» **Input material**:
------------------------------
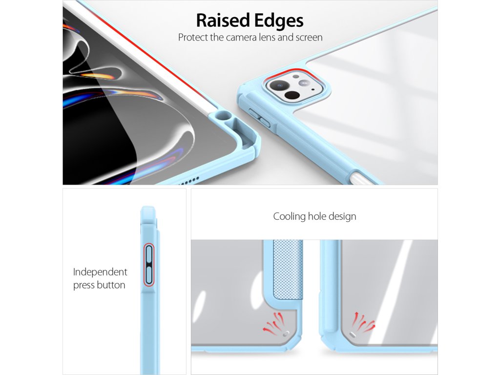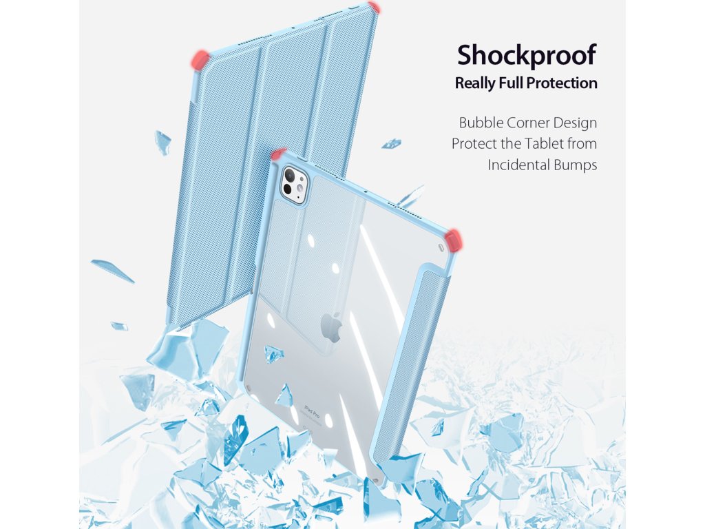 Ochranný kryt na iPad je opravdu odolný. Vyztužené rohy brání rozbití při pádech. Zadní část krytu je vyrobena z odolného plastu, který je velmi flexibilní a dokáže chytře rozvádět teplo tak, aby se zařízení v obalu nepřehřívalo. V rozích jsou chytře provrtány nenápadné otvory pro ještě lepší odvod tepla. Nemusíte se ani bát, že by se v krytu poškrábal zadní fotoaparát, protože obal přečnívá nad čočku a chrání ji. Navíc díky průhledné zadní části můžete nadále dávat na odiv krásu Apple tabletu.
------------------------------
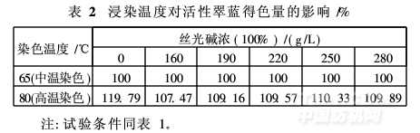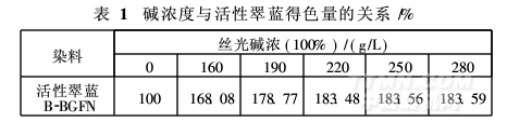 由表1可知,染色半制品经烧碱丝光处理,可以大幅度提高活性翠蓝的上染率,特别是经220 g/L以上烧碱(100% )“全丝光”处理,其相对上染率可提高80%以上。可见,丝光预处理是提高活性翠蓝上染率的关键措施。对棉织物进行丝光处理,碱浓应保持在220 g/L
------------------------------
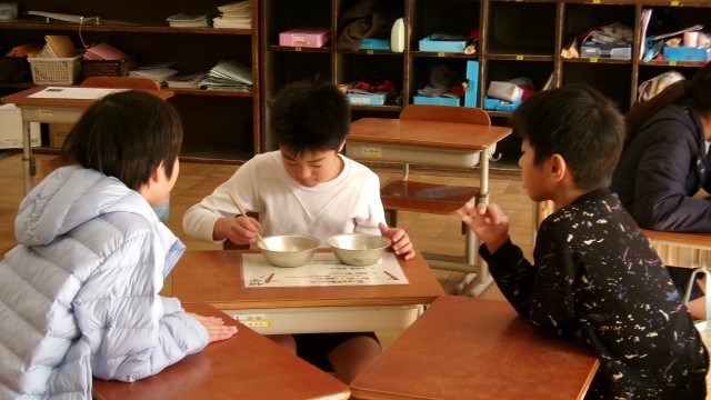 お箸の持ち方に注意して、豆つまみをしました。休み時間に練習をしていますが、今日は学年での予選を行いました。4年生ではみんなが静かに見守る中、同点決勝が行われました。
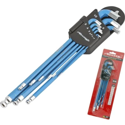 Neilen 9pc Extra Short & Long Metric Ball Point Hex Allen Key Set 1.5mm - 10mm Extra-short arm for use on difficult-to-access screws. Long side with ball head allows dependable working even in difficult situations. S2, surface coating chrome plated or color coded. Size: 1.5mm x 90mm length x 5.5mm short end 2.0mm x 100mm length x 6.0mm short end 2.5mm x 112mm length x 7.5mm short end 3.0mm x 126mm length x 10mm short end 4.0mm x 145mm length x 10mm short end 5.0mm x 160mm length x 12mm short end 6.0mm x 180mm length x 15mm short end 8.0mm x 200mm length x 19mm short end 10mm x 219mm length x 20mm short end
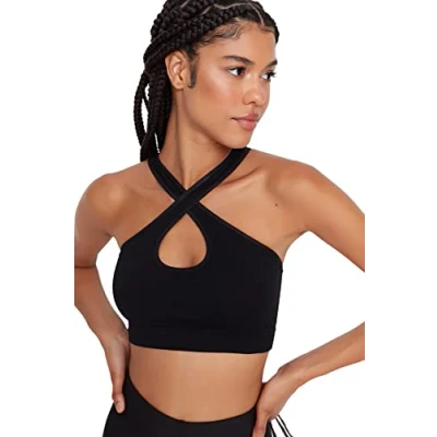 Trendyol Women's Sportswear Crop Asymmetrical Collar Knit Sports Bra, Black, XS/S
------------------------------
» **Your instructions**:
Taking the entries above, extract every line from the one bearing "Neilen 9pc Extra" through the one bearing "Trendyol Women's Sportswear", exactly, with no pictures.

» **Output for this task**:
 Neilen 9pc Extra Short & Long Metric Ball Point Hex Allen Key Set 1.5mm - 10mm Extra-short arm for use on difficult-to-access screws. Long side with ball head allows dependable working even in difficult situations. S2, surface coating chrome plated or color coded. Size: 1.5mm x 90mm length x 5.5mm short end 2.0mm x 100mm length x 6.0mm short end 2.5mm x 112mm length x 7.5mm short end 3.0mm x 126mm length x 10mm short end 4.0mm x 145mm length x 10mm short end 5.0mm x 160mm length x 12mm short end 6.0mm x 180mm length x 15mm short end 8.0mm x 200mm length x 19mm short end 10mm x 219mm length x 20mm short end
 Trendyol Women's Sportswear Crop Asymmetrical Collar Knit Sports Bra, Black, XS/S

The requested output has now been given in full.